1. The problem statement, all variables and given/known data

$l/l_0=100$
$S=3 (cm)^2$
$B_r=200μ_0H_c=2mT$
$R=10Ω$
No current runs through the feromagnetic core. Calculate the charge $q$ that goes through $R$ from the moment in the diagram to the moment it is removed from the core.
2. Relevant equations
3. The attempt at a solution

I just have one small lack of understanding concerning this problem.
From the ampere's law i get:
$Hl+H_0l_0=0$
and
$Hl+\frac{l_0}{μ_0}B=0$
Here the professor said that we from the diagram suppose that $H=-H_c$ and then continued to calculate $H$ to be $H=25/\pi [A/m]$
Why did he suppose that? And what would happen if i supposed $B$ to be $B_r$. Is there a thing that happens that tells me that my supposition was wrong and that i should do the other one? Could you explain this?

2. Apr 21, 2017

From the hysteresis curve (of $B$ vs. $H$), the magnetic field in the iron core is $B= B_r$ and is constant. (The iron core is a permanent magnet, and the magnetism $M$ is at a saturated level. Sometimes, the $B$ can vary slightly with $H$, but in the graph that is supplied, the $B$ is constant. The $H$ is zero for this case where there are no windings that carry a current wrapped around the iron core. This is an extra detail if you want to study the topic in more detail). In any case, Faraday's law $\varepsilon=- \frac{d \Phi}{dt}$ where $\Phi=B A$ , ($A=S$), is what you need to use to find the voltage and thereby the current that flows when the loop of wire is removed. You can then integrate over time to get the charge $Q=\int I \, dt$.

3. Apr 21, 2017

### TSny

Your equation $Hl + \frac{l_0}{\mu_0} B = 0$ gives one relation for the two unknowns $B$ and $H$. Another relation is given by the magnetization curve (hysteresis curve) as given in the problem.

You can find the values of $B$ and $H$ that satisfy both relations by plotting $Hl + \frac{l_0}{\mu_0} B = 0$ on the magnetization curve. Where does the line $Hl + \frac{l_0}{\mu_0} B = 0$ intersect the magnetization curve? What are the values of $B$ and $H$ at this point of intersection?

What if the gap size were reduced such that $\frac{l}{l_0} = 400$?

For background reading, see section 36.5 here
http://www.feynmanlectures.caltech.edu/II_36.html

4. Apr 22, 2017

I'm puzzled about Feynman's solution that assumes you have an $H_1$ in the material and an $H_2$ in the air gap. It seems you should be able to simply assume that $B$ is continuous across the gap.
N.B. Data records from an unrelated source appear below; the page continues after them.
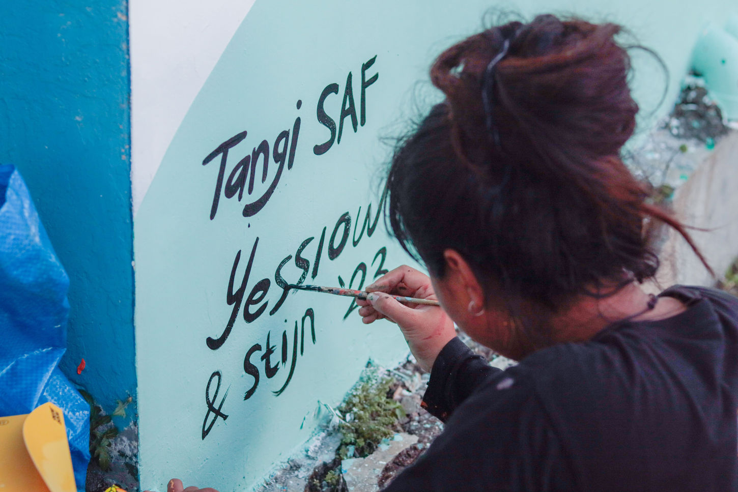 After graduation, Yessiow and her partner Stijn traveled the world, and during an extended stay in India caused by the COVID-19 pandemic, she immersed herself in street painting, including her first four-story mural. This experience solidified her passion for large-scale public art and deepened her connection to communities through visual storytelling.
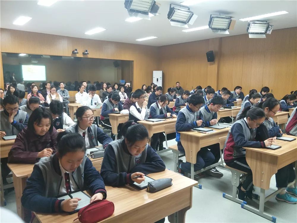 智慧课堂的实地展演是此次活动的亮点之一。宁波三中作为全市首个绿色智慧教育示范基地单位,演示了“作业家”在日常教学场景中的完全常态化。
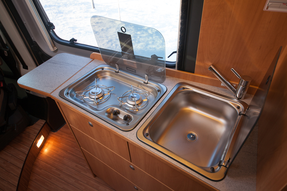 Tiskipöydässä oikealla on teräksinen pesuallas ja vasemmalla Dometicin kaksiliekkinen kaasuliesi. Työtasoa saadaan lisää tiskin päästä ylöskäännettävällä aputasolla. Pituutta tiskillä on tällöin 150 senttiä ja leveyttä 40 – 50 cm. Dometicin 80-litrainen jääkaappi on keittiön peräpuolella. Kaapissa on viiden litran pakastelokero.

To first order, the only thing that a computation of $H$ will do is show that the $H$ from the magnetic poles, which have magnetic surface charge density (in the magnetic pole model) $\sigma_m=M \cdot \hat{n}$, will make it such that by using $B=\mu_o H+M$, that in the gap where $M=0$, the $H$ from these poles will make $B$ continuous across the gap with an increase in $H$ because of these poles (to precisely account for the $M=M_o$ in the material and $M=0$ in the gap). To first order, the $H$ in the material is left unchanged because of the opposite poles on the two faces. $\\$ I don't think the equation that Feynman presents for the air gap in this manner is correct. The exact solution for a substantially finite air gap is going to be a complex function of the geometry involving the diameter of the endfaces. To first order, for reasonably small gaps, the gap has infinite sheets of magnetic surface charge $+\sigma$ and $-\sigma$ on the two surfaces. Any computation of $H$ and $B$ using these infinite sheets of magnetic surface charge, (which is somewhat advanced for a first year course in E&M, but quite workable using Gauss's law ), will simply show that $B$ is continuous across the gap to a good approximation. $\\$ Editing. Additional comment: Because for static magnetic poles, there is the equation $\nabla \times H=0$, analagous to the electrostatic $\nabla \times E=0$ equation, you can write $\oint H \cdot \, ds=0$, but this really does very little to solve for the value of magnetic field $B$ in the gap. For this problem. I think it is incorrect to try to employ $\oint H \cdot ds=0$ to solve for the magnetic field $B$ in the gap or in the material. $\\$ Additional Editing... @vanhees71 You might find this problem of interest. I would enjoy your feedback on it.

Last edited: Apr 22, 2017
5. Apr 22, 2017

### TSny

For a very small gap, B in the gap is approximately the same as B in the material. Note the reasoning for this that Feynman gives just above and below figure 36-11. So, Feynman does take B to be continuous across the gap.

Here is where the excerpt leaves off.